Migration and Legacy Integration

SqlCAD is designed to be opinionated about data warehouse structure, but it also provides flexible entry points for onboarding legacy data warehouses (e.g., from dbt, stored procedures, or raw SQL scripts).

This document outlines strategies for migrating to SqlCAD incrementally.

1. Incremental Adoption with External Tables

Onboarding hundreds of raw tables can be daunting if you have to define every column. You can mark source tables as external to skip mandatory column definitions.

Strategy

  1. Define your raw sources as TABLE with external: true.
  2. Reference them in ENTITY or MART blocks using SELECT *.
  3. SqlCAD will allow these to pass validation without a strict schema contract.

Example

DEFINE TABLE LegacyCustomers { external: true, source_name: "raw.customers" } AS ( SELECT * FROM raw.customers ) -- You can start modeling immediately DEFINE ENTITY Customers { primary_key: CustomerID } AS ( SELECT * FROM LegacyCustomers )

2. Referencing Existing SQL Files

If you have complex stored procedures or long SQL files, you don't need to move them into .sqlcad files immediately. Use the source_file metadata property.

Example

DEFINE MART FinancialReport { source_file: "legacy/reports/monthly_accruals.sql" } AS ()

Note: The AS () body is ignored when source_file is present. SqlCAD will read the content of the referenced file during compilation.


3. Migrating from dbt

SqlCAD provides a built-in utility to scaffold a project from a dbt manifest.json.

Command

sqlcad migrate dbt --manifest path/to/dbt/manifest.json --output ./my_new_project

What happens:

  • Sources: Converted to DEFINE TABLE blocks with external: true.
  • Models: Converted to DEFINE ENTITY or DEFINE MART based on dbt tags (e.g., tags silver or entity map to ENTITY).
  • SQL: The raw SQL code from dbt is preserved inside the AS (...) block.
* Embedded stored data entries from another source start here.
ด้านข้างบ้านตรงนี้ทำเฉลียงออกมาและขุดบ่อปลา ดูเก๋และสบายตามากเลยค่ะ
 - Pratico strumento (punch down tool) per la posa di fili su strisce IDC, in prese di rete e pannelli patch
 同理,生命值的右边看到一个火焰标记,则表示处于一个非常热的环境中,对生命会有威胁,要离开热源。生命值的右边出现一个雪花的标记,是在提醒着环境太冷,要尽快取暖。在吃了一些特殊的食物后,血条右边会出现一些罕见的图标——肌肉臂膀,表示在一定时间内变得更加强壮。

4. The "Strangle-and-Replace" Workflow

We recommend an incremental migration:

  1. Map the DAG: Use the migrate dbt tool or external: true tables to replicate your existing dependency graph in SqlCAD.
  2. Verify Lineage: Run sqlcad check to ensure SqlCAD understands the relationships.
  3. Harden Contracts: One by one, remove external: true and SELECT * from your most important entities. Define explicit columns and primary_key to enable SqlCAD's advanced features like:
    • SCD Type 2 Generation: Automatically generating loading scripts.
    • Auto-Flattening: Injecting PIT (Point-in-Time) joins.
    • Type Safety: Full schema validation across the graph.
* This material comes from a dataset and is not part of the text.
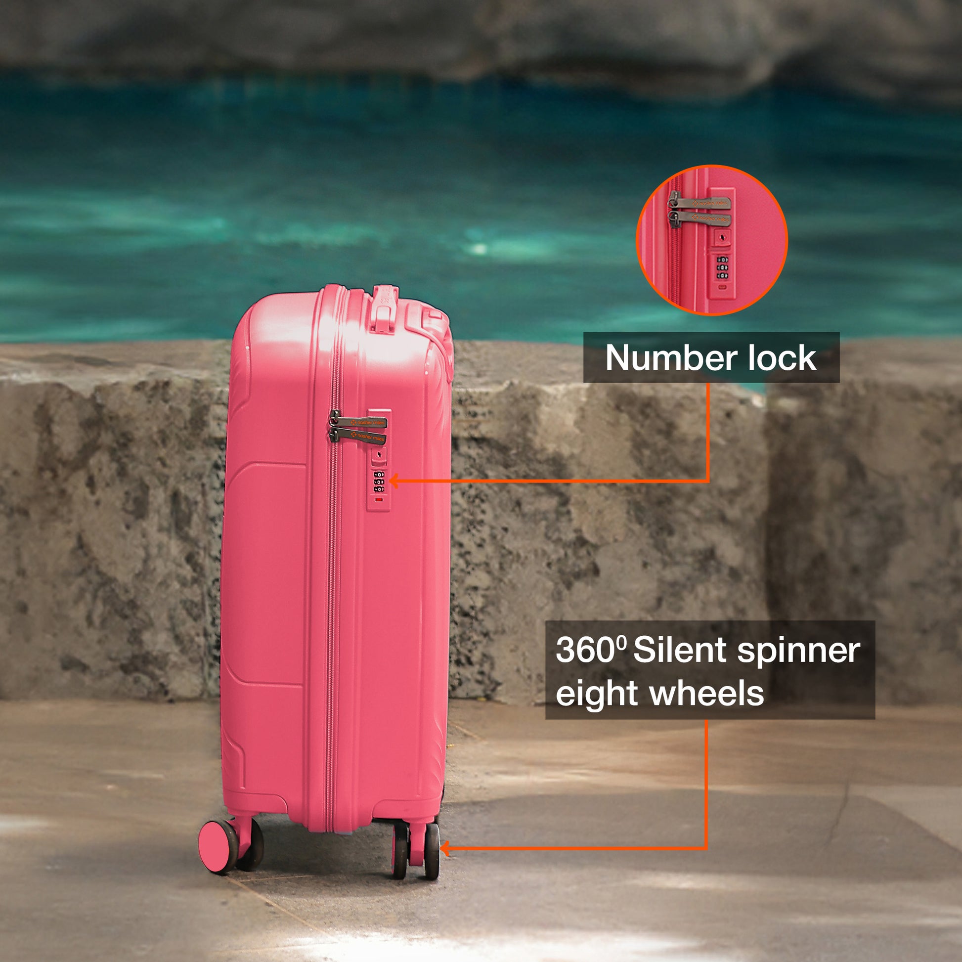 Lightweight And Durable Material: Crafted from unbreakable polypropylene material, the Nasher Miles carry-on luggage (55 / 20 inches) is designed to meet the carry-on limitations of most major airlines worldwide. It fits conveniently in the overhead compartment, eliminating additional handling fees and carry up to 15 kg of weight, perfect for short trips lasting 2-3 days.Secure Your Valuables: Safeguard your belongings effortlessly with the integrated number lock included in our lightweight luggage. This added security feature ensures your items stay protected while allowing for easy access during inspections and travel.Effortless 360° Spinner Luggage: Experience a seamless journey with the 8 multi-directional ball bearing mounted spinner wheels, the perfect balance of fluidity and control to navigate seamlessly through every destination, enjoying unparalleled mastery over every movement.Pack Smart, Pack More: Our travel suitcase optimizes your packing volume. Its two main compartments, complete with compression straps, hold your clothes and belongings securely while reducing creases. A specially designed built-in pocket caters to smaller items. Every inch is thoughtfully designed to deliver maximum storage, so you can carry and travel more.Warranty: 3 Years warranty on shell & 1 year warranty on accessories. Wear & Tear for product under use and scratches are not covered.

5. Dependency Resolution for Legacy SQL

SqlCAD's parser is intelligent enough to distinguish between internal entities and external references. If your legacy SQL refers to schema.table_name, SqlCAD treats it as an external reference and won't confuse it with an internal ENTITY named table_name.

This allows you to keep your SQL mostly "as-is" during the initial migration phase.